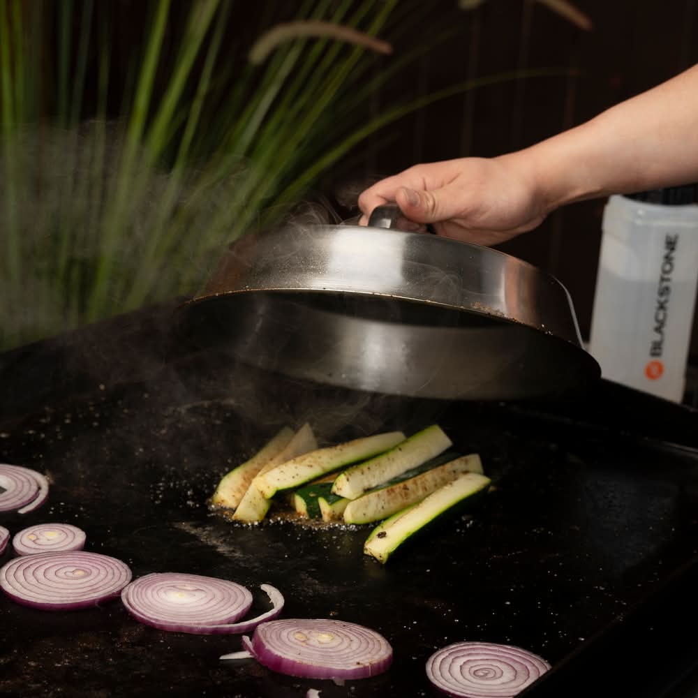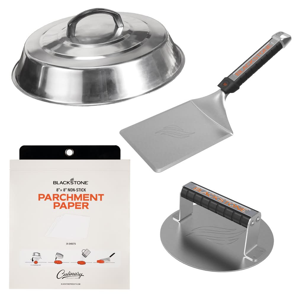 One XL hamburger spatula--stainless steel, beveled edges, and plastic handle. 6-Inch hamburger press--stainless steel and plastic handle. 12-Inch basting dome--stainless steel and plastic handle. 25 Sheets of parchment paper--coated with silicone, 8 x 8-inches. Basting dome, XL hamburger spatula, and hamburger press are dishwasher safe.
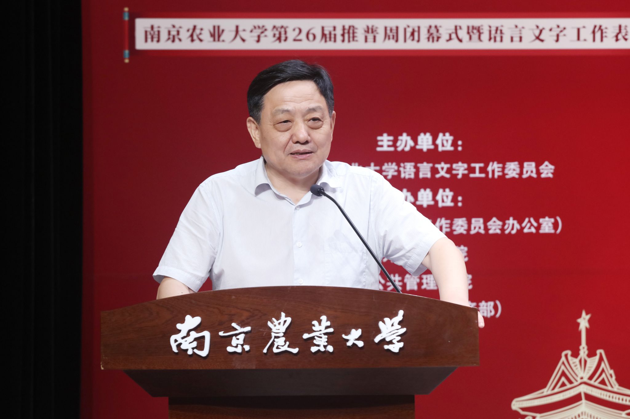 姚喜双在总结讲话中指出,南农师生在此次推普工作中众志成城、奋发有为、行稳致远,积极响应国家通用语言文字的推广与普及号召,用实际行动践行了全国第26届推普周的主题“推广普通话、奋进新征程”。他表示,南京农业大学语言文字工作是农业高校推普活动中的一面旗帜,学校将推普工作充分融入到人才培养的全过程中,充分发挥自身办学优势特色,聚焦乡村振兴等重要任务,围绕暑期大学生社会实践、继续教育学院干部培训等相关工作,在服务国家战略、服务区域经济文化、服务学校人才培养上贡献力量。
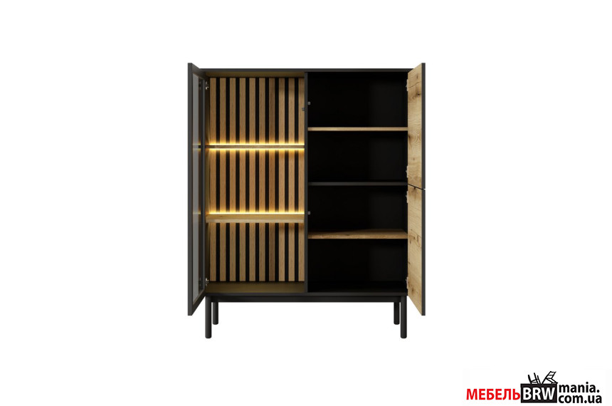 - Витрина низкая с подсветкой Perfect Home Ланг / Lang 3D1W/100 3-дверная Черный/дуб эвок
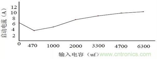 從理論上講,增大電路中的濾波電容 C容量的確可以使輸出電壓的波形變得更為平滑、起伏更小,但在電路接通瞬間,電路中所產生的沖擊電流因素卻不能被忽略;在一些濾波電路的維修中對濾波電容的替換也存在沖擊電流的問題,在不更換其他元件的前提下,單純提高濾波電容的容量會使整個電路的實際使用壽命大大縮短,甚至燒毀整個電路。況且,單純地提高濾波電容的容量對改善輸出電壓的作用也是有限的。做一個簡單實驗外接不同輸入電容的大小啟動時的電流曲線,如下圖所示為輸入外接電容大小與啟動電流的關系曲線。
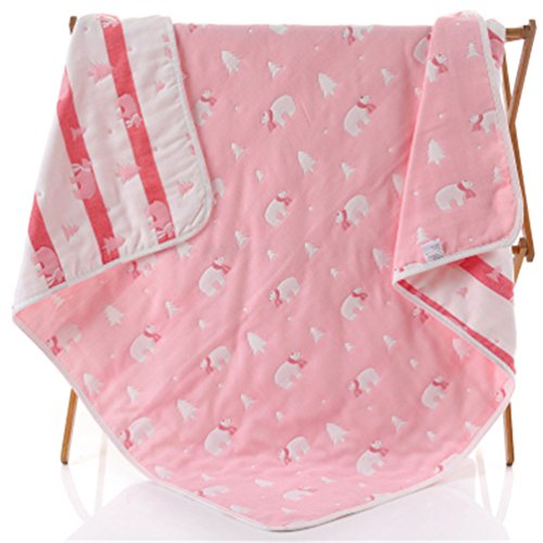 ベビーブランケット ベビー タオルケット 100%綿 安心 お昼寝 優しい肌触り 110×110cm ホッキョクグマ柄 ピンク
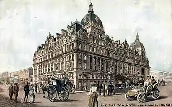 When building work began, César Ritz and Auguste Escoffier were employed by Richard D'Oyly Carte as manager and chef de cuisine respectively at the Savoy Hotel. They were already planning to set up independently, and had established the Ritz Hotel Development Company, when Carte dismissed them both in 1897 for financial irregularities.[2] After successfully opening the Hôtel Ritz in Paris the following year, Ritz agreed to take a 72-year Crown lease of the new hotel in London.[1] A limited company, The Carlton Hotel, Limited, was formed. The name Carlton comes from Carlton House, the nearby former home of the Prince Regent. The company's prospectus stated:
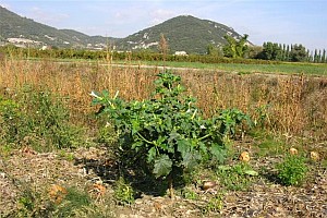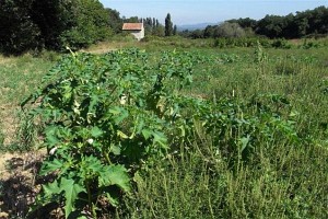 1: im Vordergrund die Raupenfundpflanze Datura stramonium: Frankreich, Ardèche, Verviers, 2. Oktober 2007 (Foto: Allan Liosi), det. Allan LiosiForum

+ + + + + + +

If pictures appear among the records, do not carry them over; retype the rest exactly.

Written solution:
 One XL hamburger spatula--stainless steel, beveled edges, and plastic handle. 6-Inch hamburger press--stainless steel and plastic handle. 12-Inch basting dome--stainless steel and plastic handle. 25 Sheets of parchment paper--coated with silicone, 8 x 8-inches. Basting dome, XL hamburger spatula, and hamburger press are dishwasher safe.
 姚喜双在总结讲话中指出,南农师生在此次推普工作中众志成城、奋发有为、行稳致远,积极响应国家通用语言文字的推广与普及号召,用实际行动践行了全国第26届推普周的主题“推广普通话、奋进新征程”。他表示,南京农业大学语言文字工作是农业高校推普活动中的一面旗帜,学校将推普工作充分融入到人才培养的全过程中,充分发挥自身办学优势特色,聚焦乡村振兴等重要任务,围绕暑期大学生社会实践、继续教育学院干部培训等相关工作,在服务国家战略、服务区域经济文化、服务学校人才培养上贡献力量。
 - Витрина низкая с подсветкой Perfect Home Ланг / Lang 3D1W/100 3-дверная Черный/дуб эвок
 從理論上講,增大電路中的濾波電容 C容量的確可以使輸出電壓的波形變得更為平滑、起伏更小,但在電路接通瞬間,電路中所產生的沖擊電流因素卻不能被忽略;在一些濾波電路的維修中對濾波電容的替換也存在沖擊電流的問題,在不更換其他元件的前提下,單純提高濾波電容的容量會使整個電路的實際使用壽命大大縮短,甚至燒毀整個電路。況且,單純地提高濾波電容的容量對改善輸出電壓的作用也是有限的。做一個簡單實驗外接不同輸入電容的大小啟動時的電流曲線,如下圖所示為輸入外接電容大小與啟動電流的關系曲線。
 ベビーブランケット ベビー タオルケット 100%綿 安心 お昼寝 優しい肌触り 110×110cm ホッキョクグマ柄 ピンク
 When building work began, César Ritz and Auguste Escoffier were employed by Richard D'Oyly Carte as manager and chef de cuisine respectively at the Savoy Hotel. They were already planning to set up independently, and had established the Ritz Hotel Development Company, when Carte dismissed them both in 1897 for financial irregularities.[2] After successfully opening the Hôtel Ritz in Paris the following year, Ritz agreed to take a 72-year Crown lease of the new hotel in London.[1] A limited company, The Carlton Hotel, Limited, was formed. The name Carlton comes from Carlton House, the nearby former home of the Prince Regent. The company's prospectus stated:
 1: im Vordergrund die Raupenfundpflanze Datura stramonium: Frankreich, Ardèche, Verviers, 2. Oktober 2007 (Foto: Allan Liosi), det. Allan LiosiForum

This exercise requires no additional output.